# Rabbit Season!



## sammerguy

Went out for 40 mins at the farm and got my first rabbit of the year. He's soaking in some salt water right now getting ready for dinner tomorrow night! Anyone else have any luck today?


----------



## PARK92

i went out sunday and got one. no dogs just walking through the brush. jumped about ten yards out then made a mad dash at about 30 yards. only one i shot and only one i seen that outing, hunted for about 2 hours.


----------



## ggcanteri

ticks are bad this year 
found them on my beagles from this past weekend
anyone else having the same problems??


----------



## TomC

No problems with the ticks, the heat thou now thats an issue in contending with. I hope it starts cooling down so i can run em longer than 1-2hrs.


----------



## ggcanteri

we have been out several times 
lots of runs with the dogs
we need a wet snow to knock down some of the vegetation in order to see them
I'll try again sunday


----------



## fishintechnician

I went last night and got 2 bunnies and 1 squirrel. no dogs just walking about a 2.5 hr trip. not to bad for the first trip of the year. Come on cold and snow!!


----------



## Shaun69007

Hunted a timbered property that i leased yesterday. It was timbered about 5 years ago. Didnt hit it hard but jumped 7 and bagged 2. Oh yeah i had 3 of my 4 girls out shaking the timbers.


----------



## fishintechnician

hunted a small creek line this afternoon... havent been in a couple years and it grew up thick!! got 1 more today, jumped 10 total shot at 3 bagged 1!! I will be back, lol. In the first 2 trips this year, with temps in the 50's ive seen more rabbits than last year. I think its gonna be a good year


----------



## fish*FEAR*me

Gonna try to get the pups out Friday. Probably gonna head down to aep. Hopefully we can get into some there! Haven't had much luck around here.


----------



## ggcanteri

I rabbit hunted aep a for opening weekend
tough going 
huge runs couldn't hear dogs some of the time
also, like everywhere else, the vegetation too thick to see the rabbits
I think there must be a lot of coyotes in aep several went straight to the holes
we have had great action all the times out but the kill to run ratio is bad at the present time
try try again!!!!


----------



## m_miller

I spent a couple weekends down at aep this fall fishing and at night the coyotes were thick.


----------



## jray

killed two on public ground thanksgiving the dogs were running both at once. Found a ladder stand and jumped up into it. when life gives you lemons...


----------



## Bowhunter57

I haven't seen any rabbits in over 3 years. Too many feral cats and coyotes. 
I miss eating rabbit...mmm. 

Bowhunter57


----------



## Love2kayak

I've only seen them at one place this season, my buddies gpa's land close to dillon and we've seen probably around 15 or so. Jumped two while squirrel hunting couple days ago. Like everywhere else there are plenty of yotes around the area but there's plenty of rabbits. Only place I've seen them so often since I was a kid actually 


Outdoor Hub mobile, the outdoor information engine


----------



## T-180

From riding in the combine to working the bird dog, I've seen a ton of rabbits. The warm has them jumping a little early so it should get better. 
Agreed about the coyotes, but the feral cats & the free roaming cats that people let go everywhere really hit the baby bunnies especially. We'll start the yote trapping here very soon to at least keep them in check.


----------



## sammerguy

I've gotten 2 more since. I jumped 5 on my last outing. There seems to be plenty of them on my grandfathers land. I'm nor using dog, its just me walking thru the grass. I can't wait for some snow. This grass is way too tall for me. I only have about 4 seconds to hear, see and shoot the rabbit. 

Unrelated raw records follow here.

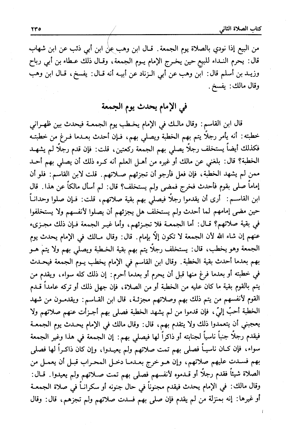 فِي الْإِمَامِ يُحْدِثُ يَوْمَ الْجُمُعَةِ قَالَ ابْنُ الْقَاسِمِ: وَقَالَ مَالِكٌ فِي الْإِمَامِ يَخْطُبُ يَوْمَ الْجُمُعَةِ فَيُحْدِثُ بَيْنَ ظَهْرَانِي خُطْبَتِهِ: أَنَّهُ يَأْمُرُ رَجُلًا يُتِمَّ بِهِمْ الْخُطْبَةَ وَيُصَلِّي بِهِمْ، فَإِنْ أَحْدَثَ بَعْدَمَا فَرَغَ مِنْ خُطْبَتِهِ فَكَذَلِكَ أَيْضًا يَسْتَخْلِفُ رَجُلًا يُصَلِّي بِهِمْ الْجُمُعَةَ رَكْعَتَيْنِ.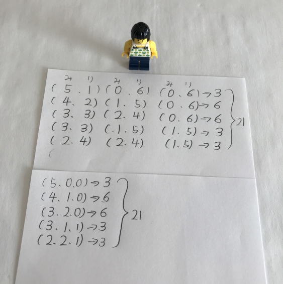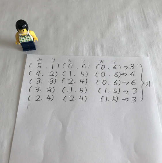 ということで解決。算数は我慢。教えてはいけません。教えるということは、考えるきっかけを奪うことになります。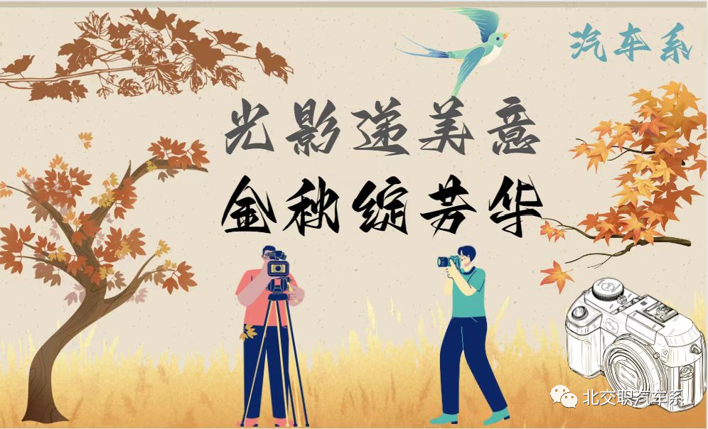 近期,beat365vip官网登录入口汽车系将开展以“光影递美意金秋绽芳华”为主题的摄影比赛活动,其目的是为了丰富校园文化生活,培养学生审美观,通过比赛增强学生艺术与审美的交流,激发学生对摄影的兴趣,让同学们通过手中的相机去观察生活、体验生活,记载激励人心、感人至深的瞬间,留住欢乐的回忆,分享多姿多彩的生活乐趣。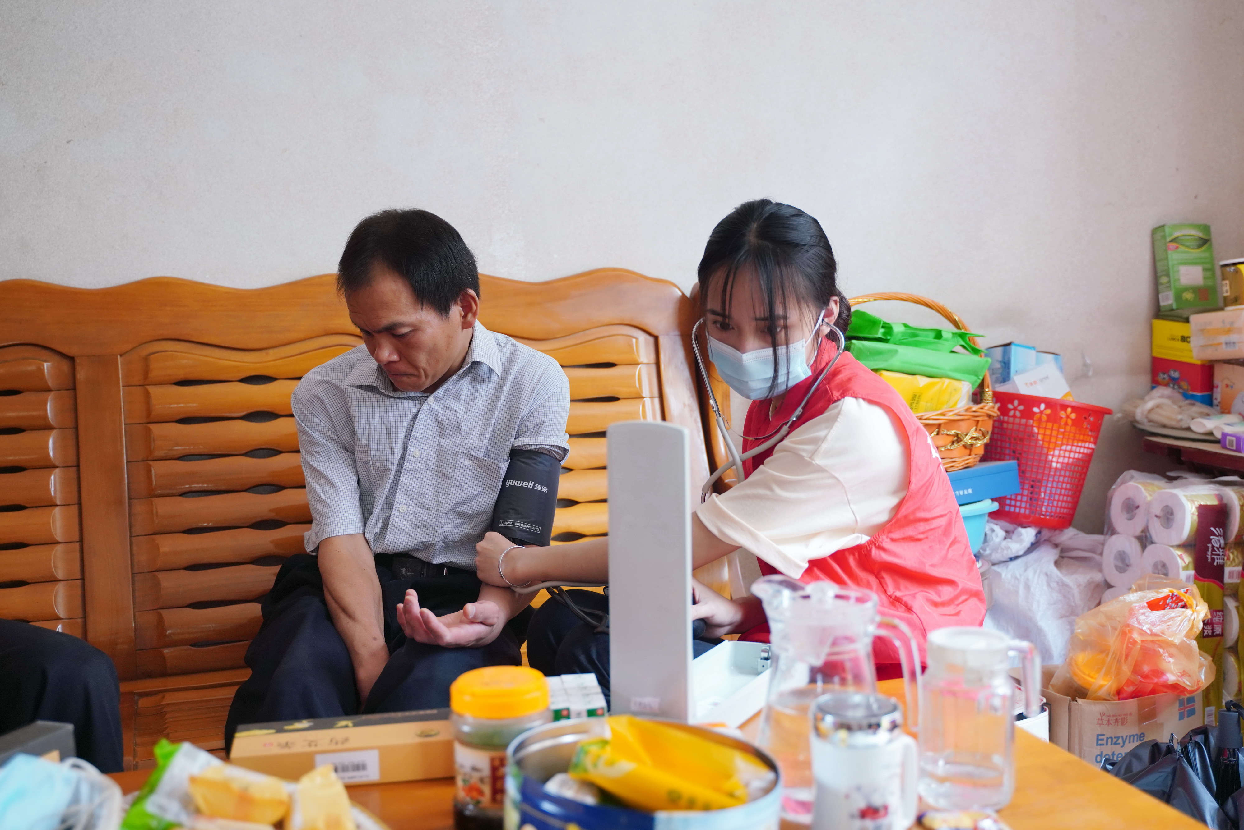志愿者为居民测量血压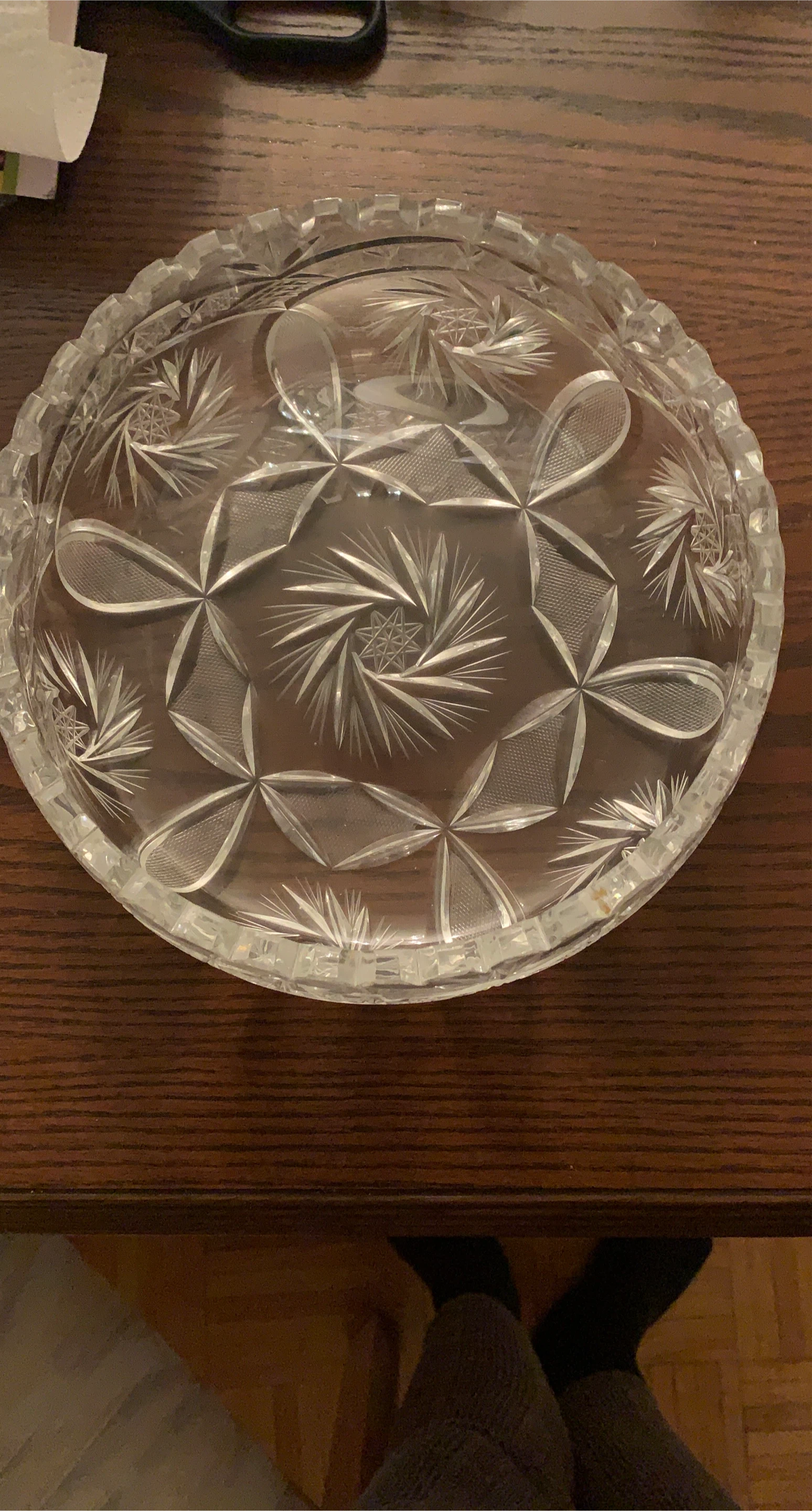 46Selling a beautiful crystal glass bowl. It has a lovely design and would look great as a decorative piece in your home. It's in used condition.

posted using Outdoor Hub Campfire


----------



## ggcanteri

heading to logrange in the morn to hunt some bunnies the dogs and I are ready to go 
rain or shine


----------



## fish*FEAR*me

Got out and killed a few Sunday.my six month old pups are really starting to get it. It's been real fun watching there progress. And as a first time beagler we have been learning a lot together!

posted using Outdoor Hub Campfire


----------



## sammerguy

Man I wish I had some dogs, or knew someone that did. I feel like there are tons of rabbits I just cannot find on my grandapas land.

posted using Outdoor Hub Campfire


----------



## jlami

sammerguy said:


> Man I wish I had some dogs, or knew someone that did. I feel like there are tons of rabbits I just cannot find on my grandapas land.
> 
> posted using Outdoor Hub Campfire


I have a 2 year old Weim that I have been trying to hunt since he was a pup. I'll bring him out and see what he does if you promise not to shoot him.

posted using Outdoor Hub Campfire


----------



## fish*FEAR*me

sammerguy said:


> Man I wish I had some dogs, or knew someone that did. I feel like there are tons of rabbits I just cannot find on my grandapas land.
> 
> posted using Outdoor Hub Campfire


 I'm new into using dogs. It's definitely fun. 
Where abouts do you hunt?

posted using Outdoor Hub Campfire


----------



## rocco812

Hey that's me in your pic


Posted using Outdoor Hub Campfire


----------



## fish*FEAR*me

What are u talking about..I don't know you!! Lol can't wait to see your new pups!!

posted using Outdoor Hub Campfire


----------